Ibu Guru berjilbab rapi tampak bersemangat di depan kelas sedang mendidik
murid-muridnya dalam pendidikan Syari'at Islam. Di tangan kirinya ada kapur, di
tangan kanannya ada penghapus. Ibu Guru berkata, "Saya punya permainan. Caranya
begini, di tangan kiri saya ada kapur, di tangan kanan ada penghapus. Jika saya
angkat kapur ini, maka berserulah "Kapur!", jika saya angkat penghapus ini, maka
berserulah "Penghapus!" Murid muridnya pun mengerti dan mengikuti. Ibu Guru
mengangkat silih berganti antara tangan kanan dan tangan kirinya, kian lama kian
cepat.
Beberapa saat kemudian sang guru kembali berkata, "Baik sekarang
perhatikan. Jika saya angkat kapur, maka berserulah "Penghapus!", jika saya
angkat penghapus, maka katakanlah "Kapur!". Dan permainan diulang kembali. Maka
pada mulanya murid-murid itu keliru dan kikuk, dan sangat sukar untuk
mengubahnya. Namun lambat laun, mereka sudah biasa dan tidak lagi kikuk. Selang
beberapa saat, permainan berhenti. Sang guru tersenyum kepada
murid-muridnya.
"Anak-anak, begitulah ummat Islam. Awalnya kalian jelas
dapat membedakan yang haq itu haq, yang bathil itu bathil. Namun kemudian, musuh
musuh ummat Islam berupaya melalui berbagai cara, untuk menukarkan yang haq itu
menjadi bathil, dan sebaliknya.
Pertama-tama mungkin akan sukar bagi
kalian menerima hal tersebut, tetapi karena terus disosialisasikan dengan
cara-cara menarik oleh mereka, akhirnya lambat laun kalian terbiasa dengan hal
itu. Dan kalian mulai dapat mengikutinya. Musuh-musuh kalian tidak pernah
berhenti membalik dan menukar nilai dan etika."
"Keluar berduaan,
berkasih-kasihan tidak lagi sesuatu yang pelik, zina tidak lagi jadi persoalan,
pakaian seksi menjadi hal yang lumrah, sex sebelum nikah menjadi suatu hiburan
dan trend, materialistik kini menjadi suatu gaya hidup, korupsi menjadi
kebanggaan dan lain lain. Semuanya sudah terbalik. Dan tanpa disedari, kalian
sedikit demi sedikit menerimanya. Paham?" tanya Guru kepada murid-muridnya.
"Paham Bu Guru"
"Baik permainan kedua," Ibu Guru melanjutkan. "Bu Guru
ada Qur'an, Bu Guru akan meletakkannya di tengah karpet. Quran itu "dijaga"
sekelilingnya oleh ummat yang dimisalkan karpet. Sekarang anak-anak berdiri di
luar karpet. Permainannya adalah, bagaimana caranya mengambil Qur'an yang ada di
tengah dan ditukar dengan buku lain, tanpa memijak karpet?" Murid-muridnya
berpikir. Ada yang mencoba alternatif dengan tongkat, dan lain-lain, tetapi tak
ada yang berhasil.
Akhirnya Sang Guru memberikan jalan keluar,
digulungnya karpet, dan ia ambil Qur'an ditukarnya dengan buku filsafat
materialisme. Ia memenuhi syarat, tidak memijak karpet. "Murid-murid, begitulah
ummat Islam dan musuh-musuhnya. Musuh-musuh Islam tidak akan memijak-mijak
kalian dengan terang-terangan. Karena tentu kalian akan menolaknya
mentah-mentah. Orang biasapun tak akan rela kalau Islam dihina dihadapan mereka.

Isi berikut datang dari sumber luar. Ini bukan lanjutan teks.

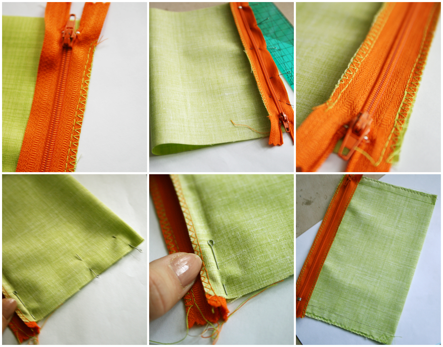 На край молнии пришиваем их. Строчка не должна захватить сам карман. Только возле молнии!!! Это важно!
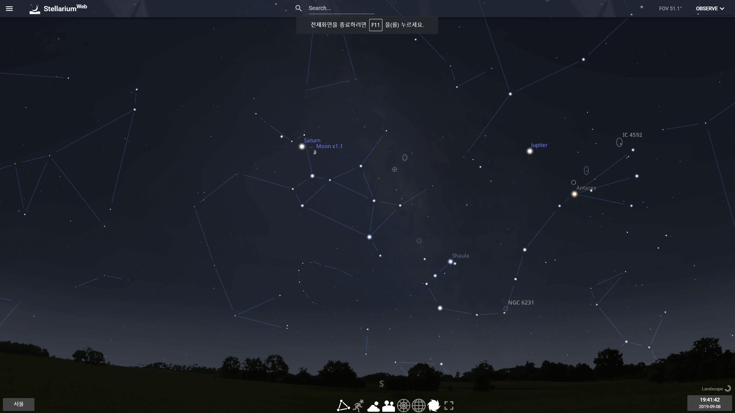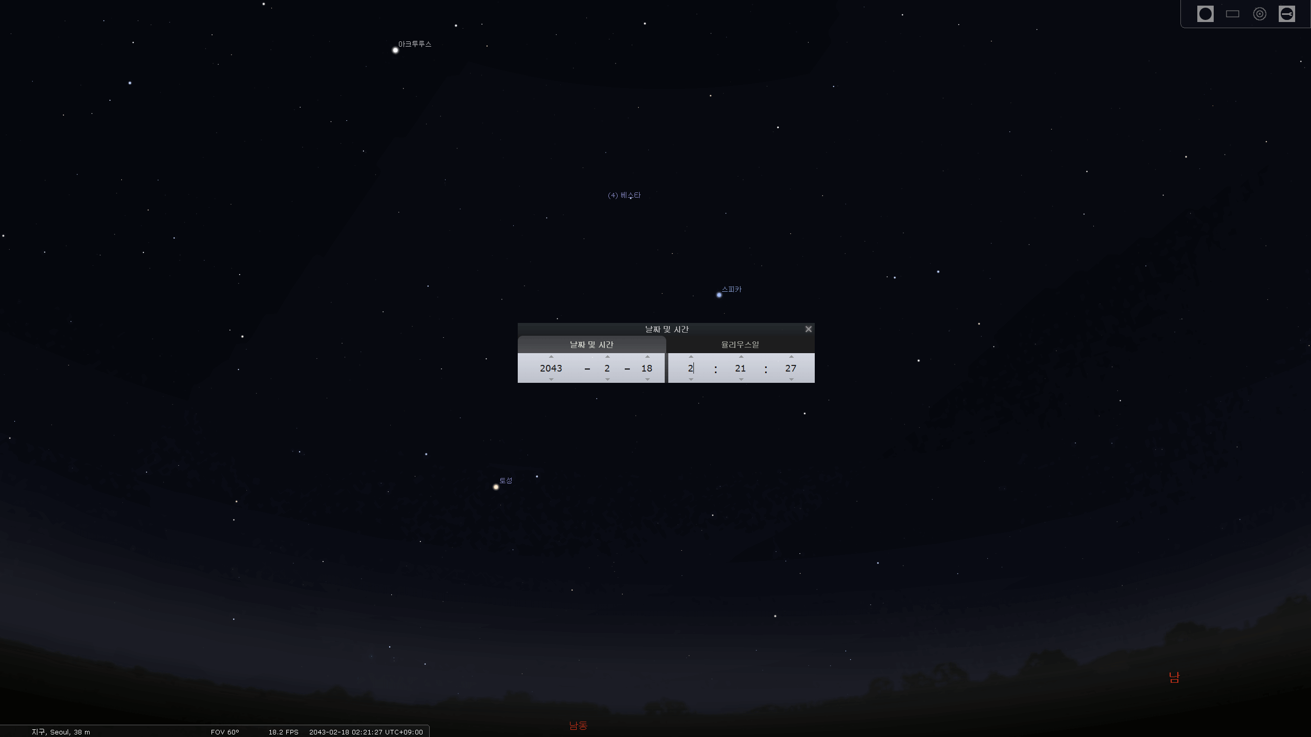 자, 이제 원하는 속도, 장소, 시간으로 밤하늘의 별들이 어떻게 변화하고 움직이는지 알아보세요. 그리고 내가 봤던 천체가 과연 어떤 천체인지 직접 찾아보시기 바랍니다.
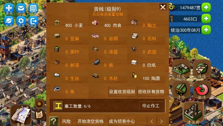 1.供居民住在的:集市旁边一定要有货栈,设置最高收货级别,9级。货栈和集市都只收小麦,肉食,陶器, 纸,四类商品,存量各占四分之一。除了供应集市的设置为货栈为,其他全部设为贸易中心,贸易中心有可以分为进货港,出口港,物流中转站三类。2.出口用的,设置在商队进来后,出城市的最短路线上。我是直接建里出口不远的路上。每种出口商品单独设置一个贸易中心,比如郢都与周边贸易主要出口丝绸,漆器,树漆,亚麻,每
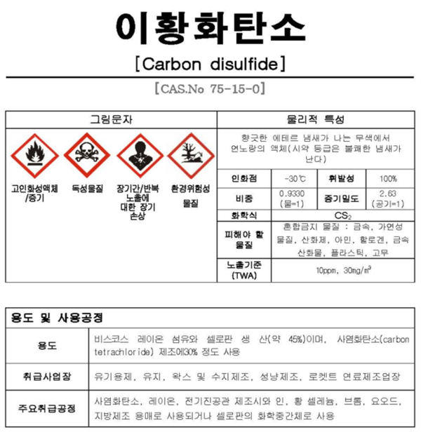 이황화탄소는 1796년 독일의 화학자 람패디우스(Lampadius)가 황철광과 숯을 혼합해 만든 물질로, 고무, 셀로판, 인견 등의 섬유 합성에 사용한다. 레이온 공장에서 가장 많이 사용하지만, 고무 공장에서도 많이 사용하며, 셀로판 공장이나 농약 공장에서도 많이 사용한다. 이황화탄소는 기름을 녹이는 성질이 있어 유기용제의 하나로 사용되고, 휘발성이 강해 호흡기를 통해 쉽게 신체로 유입된다. 강한 신경 독가스로, 2차 세계대전 당시 유대인 학살용으로 사용됐다.
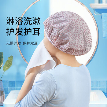 美丽雅浴帽浴室洗澡成人儿童防水沐浴帽淋浴护发帽厨房防油烟头套 2只
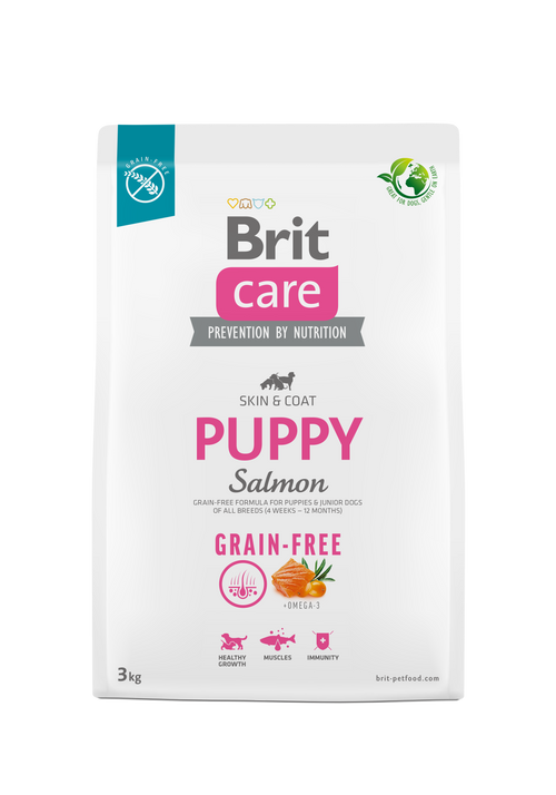 Πλήρης τροφή χωρίς δημητριακά με σολομό και πατάτα, ιδανική για κουτάβια και νεαρούς σκύλους όλων των φυλών (4 εβδομάδες – 12 μήνες). Υποστηρίζει την υγιή ανάπτυξη, το ανοσοποιητικό σύστημα, και προάγει υγιές δέρμα και τρίχωμα.

Tetapi mereka akan menggulung kalian perlahan-lahan dari pinggir, sehingga
kalian tidak sadar. Jika seseorang ingin membuat rumah yang kuat, maka dibina
pundasi yang kuat. Begitulah ummat Islam, jika ingin kuat, maka bangunlah aqidah
yang kuat. Sebaliknya, jika ingin membongkar rumah, tentu susah kalau fondasinya
dahulu. Lebih mudah hiasan-hiasan dinding akan dikeluarkan dahulu, kursi
dipindahkan dahulu, lemari dikeluarkan dahulu satu persatu, baru rumah
dihancurkan..."
"Begitulah musuh-musuh Islam menghancurkan kalian. Mereka
tidak akan menghantam terang-terangan, tetapi ia akan perlahan-lahan meletihkan
kalian. Mulai dari perangai, cara hidup, pakaian dan lain-lain, sehingga
meskipun kalian itu Muslim, tetapi kalian telah meninggalkan Syari'at Islam
sedikit demi sedikit. Dan itulah yang mereka inginkan."
"Kenapa mereka
tidak berani terang-terangan menginjak-injak Bu Guru?" tanya mereka.
Sesungguhnya dahulu mereka terang-terang menyerang, misalnya Perang Salib,
Perang Tartar, dan lain-lain. Tetapi sekarang tidak lagi. Begitulah ummat Islam.
Kalau diserang perlahan-lahan, mereka tidak akan sadar, akhirnya hancur. Tetapi
kalau diserang serentak terang-terangan, baru mereka akan sadar, lalu mereka
bangkit serentak. Selesailah pelajaran kita kali ini, dan mari kita berdo'a
dahulu sebelum pulang..."
Matahari bersinar terik tatkala anak-anak itu
keluar meninggalkan tempat belajar mereka dengan pikiran masing-masing di
kepalanya.
***
Ini semua adalah fenomena Ghazwul Fikri (perang
pemikiran). Dan inilah yang dijalankan oleh musuh-musuh Islam. Allah berfirman
dalam surat At Taubah yang artinya: "Mereka hendak memadamkan cahaya Allah
dengan mulut-mulut mereka, sedang Allah tidak mau selain menyempurnakan
cahayaNya, sekalipun orang-orang kafir itu benci akan hal itu."
(9:32).
Musuh-musuh Islam berupaya dengan kata-kata yang membius ummat
Islam untuk merusak aqidah ummat umumnya, khususnya generasi muda Muslim.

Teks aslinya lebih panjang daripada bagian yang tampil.